Data section start

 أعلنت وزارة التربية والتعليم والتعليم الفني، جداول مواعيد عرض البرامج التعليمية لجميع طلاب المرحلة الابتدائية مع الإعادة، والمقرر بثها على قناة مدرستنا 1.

Data section end
Data section start

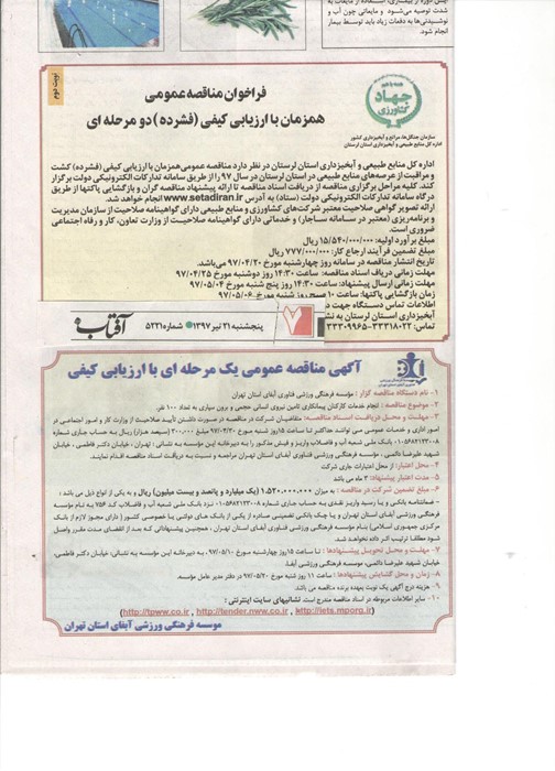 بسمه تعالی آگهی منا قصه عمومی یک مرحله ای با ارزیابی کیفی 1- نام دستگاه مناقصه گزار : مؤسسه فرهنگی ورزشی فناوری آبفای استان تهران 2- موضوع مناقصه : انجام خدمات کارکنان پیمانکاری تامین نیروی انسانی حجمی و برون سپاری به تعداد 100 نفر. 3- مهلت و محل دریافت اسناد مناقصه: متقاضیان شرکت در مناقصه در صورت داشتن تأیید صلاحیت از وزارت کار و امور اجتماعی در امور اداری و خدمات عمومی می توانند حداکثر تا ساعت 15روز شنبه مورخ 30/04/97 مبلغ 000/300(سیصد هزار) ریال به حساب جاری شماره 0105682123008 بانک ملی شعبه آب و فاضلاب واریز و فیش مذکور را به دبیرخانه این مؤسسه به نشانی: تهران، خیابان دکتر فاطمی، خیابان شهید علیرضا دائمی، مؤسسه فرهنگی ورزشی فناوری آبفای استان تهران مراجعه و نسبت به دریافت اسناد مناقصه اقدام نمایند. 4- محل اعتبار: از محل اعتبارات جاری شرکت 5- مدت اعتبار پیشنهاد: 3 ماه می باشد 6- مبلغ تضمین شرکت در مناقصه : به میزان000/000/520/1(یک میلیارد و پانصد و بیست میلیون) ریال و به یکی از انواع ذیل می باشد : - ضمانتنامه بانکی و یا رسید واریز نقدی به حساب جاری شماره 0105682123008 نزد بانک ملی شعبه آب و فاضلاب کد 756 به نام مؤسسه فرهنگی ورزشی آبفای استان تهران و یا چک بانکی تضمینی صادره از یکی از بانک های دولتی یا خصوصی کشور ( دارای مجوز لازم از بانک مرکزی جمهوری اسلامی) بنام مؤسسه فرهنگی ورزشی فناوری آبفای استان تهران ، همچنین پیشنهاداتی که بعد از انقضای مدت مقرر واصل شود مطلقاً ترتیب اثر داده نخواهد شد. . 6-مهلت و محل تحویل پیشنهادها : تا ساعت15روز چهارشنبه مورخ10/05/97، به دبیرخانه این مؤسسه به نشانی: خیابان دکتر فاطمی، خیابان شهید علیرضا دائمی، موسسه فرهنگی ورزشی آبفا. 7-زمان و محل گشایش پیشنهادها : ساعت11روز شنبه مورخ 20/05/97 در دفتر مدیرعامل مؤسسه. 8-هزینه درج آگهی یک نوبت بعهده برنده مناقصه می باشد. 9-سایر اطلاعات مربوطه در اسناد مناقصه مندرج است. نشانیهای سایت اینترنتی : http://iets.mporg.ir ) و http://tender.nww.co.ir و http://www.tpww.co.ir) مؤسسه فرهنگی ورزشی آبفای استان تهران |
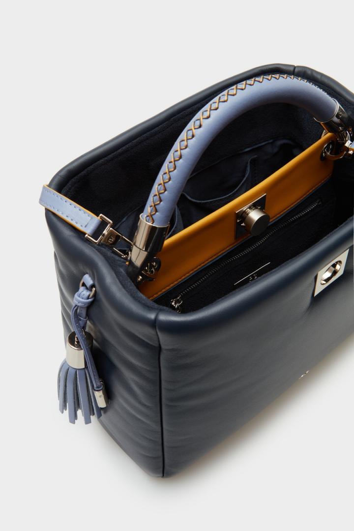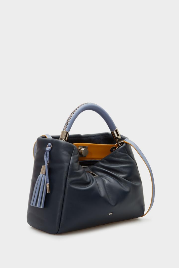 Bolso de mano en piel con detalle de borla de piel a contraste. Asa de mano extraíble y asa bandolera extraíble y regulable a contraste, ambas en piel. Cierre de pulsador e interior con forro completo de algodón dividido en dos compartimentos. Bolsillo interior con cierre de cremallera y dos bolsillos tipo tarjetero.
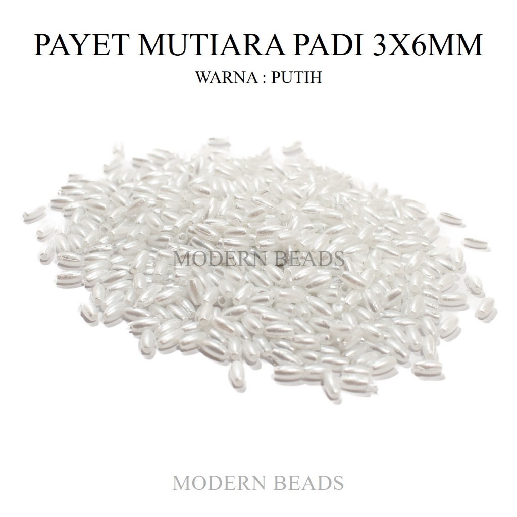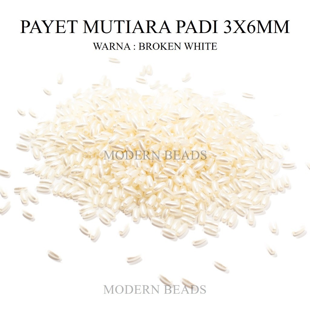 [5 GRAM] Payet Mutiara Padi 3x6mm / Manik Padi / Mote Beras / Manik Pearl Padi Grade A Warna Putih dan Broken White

Data section end

Problem to work on: When you reach the line holding "Bolso de mano" in the listing above, begin retyping exactly, and stop once the line holding "[5 GRAM] Payet" is done; pictures stay out.

Exercise solution:
 Bolso de mano en piel con detalle de borla de piel a contraste. Asa de mano extraíble y asa bandolera extraíble y regulable a contraste, ambas en piel. Cierre de pulsador e interior con forro completo de algodón dividido en dos compartimentos. Bolsillo interior con cierre de cremallera y dos bolsillos tipo tarjetero.
 [5 GRAM] Payet Mutiara Padi 3x6mm / Manik Padi / Mote Beras / Manik Pearl Padi Grade A Warna Putih dan Broken White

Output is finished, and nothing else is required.